The nine subsistence-homesteads projects included here were first established by the Subsistence Homesteads Division of the Department of the Interior under the provisions of Section 208 of the National Industrial Recovery Act. Administration of these projects was transferred to the Resettlement Administration in 1935 and was finally lodged within the Department of Agriculture in 1937 as one of the many functions of the Farm Security Administration.

This report has three main parts. Part I gives a historical account of the movements and forces that resulted in a federally sponsored subsistence- homesteads program, and contains information concerning the events and developments that have influenced the program on the national level. Part II gets down to specific cases. Each chapter tells the story of a particular project -how it began, what it was intended to be, and how it has worked out. Part III attempts to summarize, so far as possible, the lessons about subsistence homesteads that were learned in the course of gathering information for part II.

The study was requested by the Farm Security Administration in 1939. The original purpose was to procure information that would be valuable in the administration of subsistence-homesteads projects. Stated briefly, the Farm Security Administration wanted to know what things had worked, what things had not worked, and, if possible, what social, psychological, and economic factors were responsible for certain developments in the projects that were not easily or superficially explainable.

This report deals specifically with only nine out of a great many subsistence-homesteads communities that were established under Federal sponsorship during the first years after 1933. The Farm Security Administration, when it was established in 1937, inherited a variety of undertakings -various not only in kind, but also in respect to original sponsorship and administrative history. The Division of Subsistence Homesteads initiated 33 projects that were eventually completed, some under its own auspices, and some under those of the Resettlement Administration after that administration inherited the functions of the earlier agency. The Federal Emergency Relief Administration set up 34 somewhat similar projects which were eventually turned over to the Resettlement Administration. Later, nearly 100 projects, most of them full-time farming projects and to be distinguished sharply from the subsistence-homesteads communities, were set up by the Resettlement Administration and the Farm Security Administration.

To study all of the subsistence homesteads projects in detail was impracticable. A selection had to be made. This was difficult because the circumstances under which the different projects had developed varied so greatly that no one of them was enough like another to make them completely comparable. It was decided, therefore, to choose for study those projects that, so far as possible, represented major types of surrounding conditions, original purposes, and development over a course of years.

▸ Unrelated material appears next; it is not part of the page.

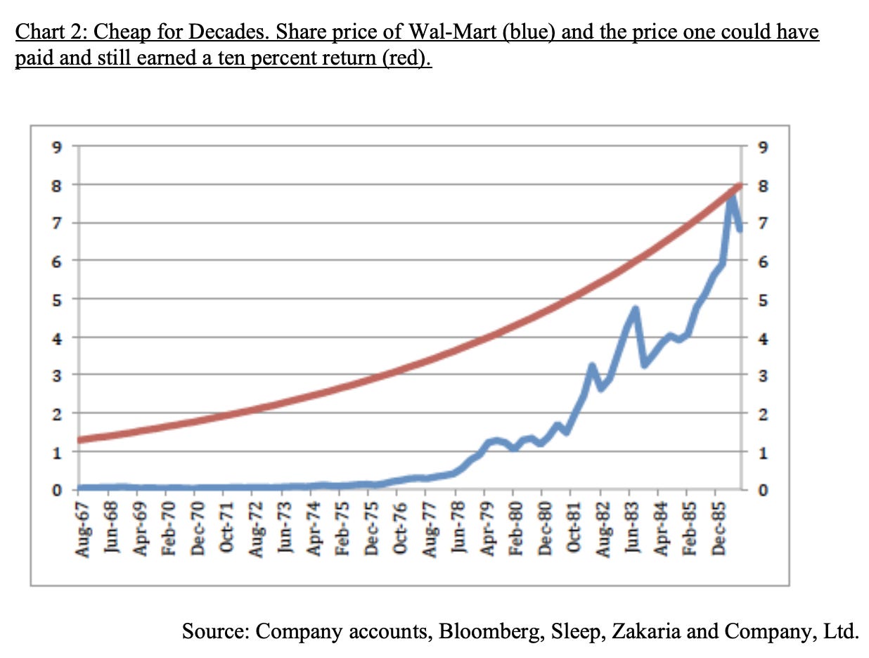 One more: take a look at the price you could pay for Wal-mart and still get a 10% annual return!

It was also decided to take into account various regional, rural-and-urban, and other localized cultural characteristics that might influence subsistence practices and community living. As a result, a degree of geographical distribution was attempted in the sampling that would partially correspond to certain of the known cultural factors that appeared to be involved.

Specifically, the study included some projects that seemed to be successful, and others that looked like failures. Some were set in distinctly rural areas, far from any city, and others bordered on or formed a part of large metropolitan communities. Not a few of the projects selected were established upon a relatively solid economic base; but those originally intended to rescue stranded populations in areas of diminishing or acutely uncertain economic resources were not neglected. Some projects were chosen as representative of those in which part-time farming and subsistence activities had received considerable emphasis, whereas others were samples of those that seemed, contrary to the intentions of the founders, to have become primarily housing projects.

Only those projects established long enough to have acquired the roots of stability were selected. Thus, all 9 projects chosen were among the 33 first established by the Subsistence Homesteads Division of the Department of the Interior. But even 6 or 7 years is a very short time in the life of a community. The projects are still young —much too young for a final judgment.

Creator

U. S. Department of Agriculture. Bureau of Agricultural Economics
Lord, Russell and Johnstone, Paul H. (editors)

Publisher

U. S. Department of Agriculture

Date

1945

File(s)

A Place on Earth Cover.jpg   (image/jpeg)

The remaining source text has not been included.